Pragmatic theories of truth developed from the earlier ideas of ancient philosophy, the Scholastics. Pragmatic ideas about truth are often confused with the quite distinct notions of "logic and inquiry", "judging what is true", and "truth predicates".

===Logic and inquiry===

In one classical formulation, truth is defined as the good of logic, where logic is a normative science, that is, an inquiry into a good or a value that seeks knowledge of it and the means to achieve it. In this view, truth cannot be discussed to much effect outside the context of inquiry, knowledge, and logic, all very broadly considered.

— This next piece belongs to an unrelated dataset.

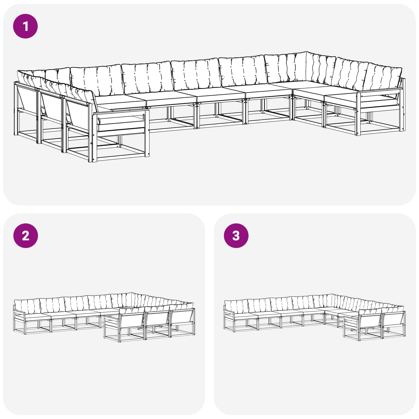 • Praktické funkce: Tkanina odolná vůči vyblednutí zajišťuje, že pohovka vydrží roky, navíc snadná údržba a povrch, který se snadno čistí, dělají vše jednodušší. Silně polstrované polštáře lákají k bezstarostnému odpočinku. Ergonomické opěradlo zvyšuje komfort a design opěrek se hodí pro všechna uspořádání, ať už máte velký nebo menší venkovní prostor.

Most inquiries into the character of truth begin with a notion of an informative, meaningful, or significant element, the truth of whose information, meaning, or significance may be put into question and needs to be evaluated. Depending on the context, this element might be called an artefact, expression, image, impression, lyric, mark, performance, picture, sentence, sign, string, symbol, text, thought, token, utterance, word, work, and so on. Whatever the case, one has the task of judging whether the bearers of information, meaning, or significance are indeed truth-bearers. This judgment is typically expressed in the form of a specific truth predicate, whose positive application to a sign, or so on, asserts that the sign is true.

===Truth predicates===

Theories of truth may be described according to several dimensions of description that affect the character of the predicate "true". The truth predicates that are used in different theories may be classified by the number of things that have to be mentioned in order to assess the truth of a sign, counting the sign itself as the first thing.

In formal logic, this number is called the arity of the predicate. The kinds of truth predicates may then be subdivided according to any number of more specific characters that various theorists recognize as important.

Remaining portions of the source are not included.